Elle invoque tout d’abord le manquement de la société X à son obligation de suivi du projet. Elle rappelle que le contrat d’intégration mettait à la charge de la société X une obligation de comptabilisation des charges prévisionnelles et une obligation, distincte, de suivi des écarts, qu’en vertu de la première de ces obligations, la société X devait informer mensuellement la société Thyssen du nombre de jour homme réalisés sur le projet, sans pouvoir bénéficier d’une révision du prix forfaitaire à la hausse en cas de surconsommation des charges prévisionnelles. Quant à l’obligation de suivi des écarts, elle explique qu’elle imposait à la société X d’identifier clairement les écarts au fur et à mesure de leur découverte, de les chiffrer et de procéder à l’analyse de leur imputabilité.
Elle soutient que le tribunal de commerce de Paris a commis une erreur d’appréciation en confondant la comptabilisation des charges prévisionnelles, qui a été effectuée par la société X, et l’obligation de mettre en 'uvre la procédure de suivi des écarts, qui au contraire n’a pas été exécutée par la société X, malgré les nombreuses sollicitations de la société Thyssen dans les comptes rendus du comité opérationnel.
Elle souligne en outre que le rapport de l’expert conclut que la société Thyssen n’a pas pu effectuer des arbitrages utiles car la société X n’a pas valorisé les écarts conformément à son obligation contractuelle de suivi.
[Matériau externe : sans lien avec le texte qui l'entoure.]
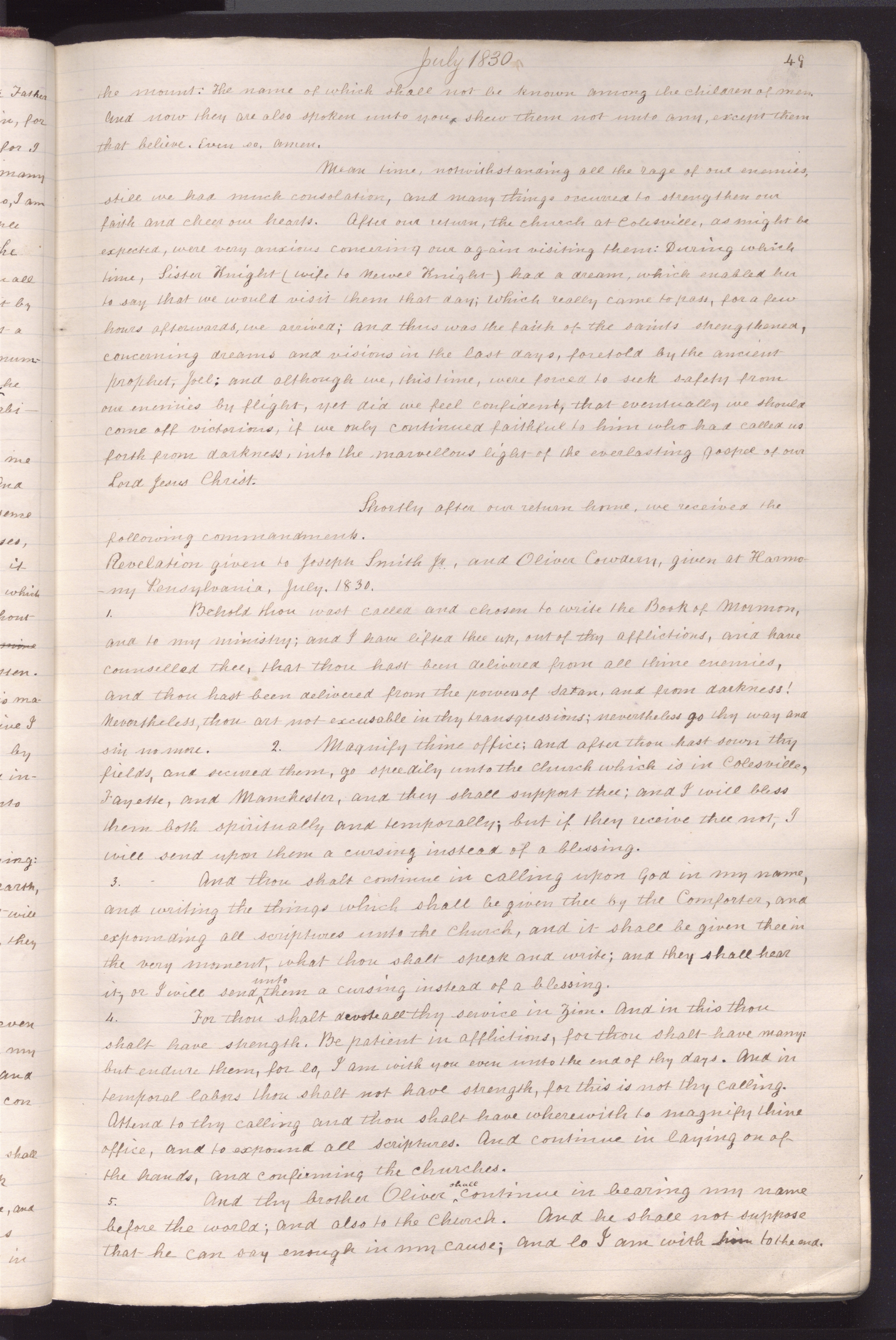 JS, History, 1838–1856, vol. A-2, created 4 Apr.–28 Nov. 1845 and 3–7 Aug. 1858; handwriting of , , , and ; 365 pages, plus seven pages of addenda; CHL. This is a copy of the first volume of a six-volume manuscript history of the church (JS History, 1838–1856, vol. A-1), and covers the period from 23 Dec. 1805 to 30 Aug. 1834. The copy also comprises four other volumes, labeled B-2, C-2, D-2, and E-2, and continues through 19 July 1843. The copy was discontinued 6 Aug. 1856 “by the advice of President ” (JS History, 1838–1856, vol. E-2, p. 83).

La société Thyssen soutient ensuite qu’elle n’a eu d’autre choix que de refuser de payer un complément de rémunération à la société X puisque la preuve de l’évolution des besoins de la société Thyssen et de son acceptation d’une rémunération supplémentaire n’est pas rapportée.
Elle explique que lors de la présentation de la maquette de complexité, le 11 septembre 2009, la société X a simplement allégué un écart par rapport à l’étude de cadrage sans pour autant fournir une étude comparative à la société Thyssen. Elle soutient également que la société X lui a fait part du dépassement des charges prévisionnelles, brutalement et tardivement, après que la société Thyssen ait formulé des réserves sur la version 1 du dossier de conception et sans procéder à une analyse des causes de ce dépassement justifiant une prise en charge du coût supplémentaire.
Elle prétend donc que la société Thyssen, bien qu’elle ait toujours cherché à comprendre la réalité des écarts soulevés par la société X, ne disposait pas d’élément lui permettant d’apprécier l’allégation selon laquelle les besoins décrits dans l’étude de cadrage auraient évolué.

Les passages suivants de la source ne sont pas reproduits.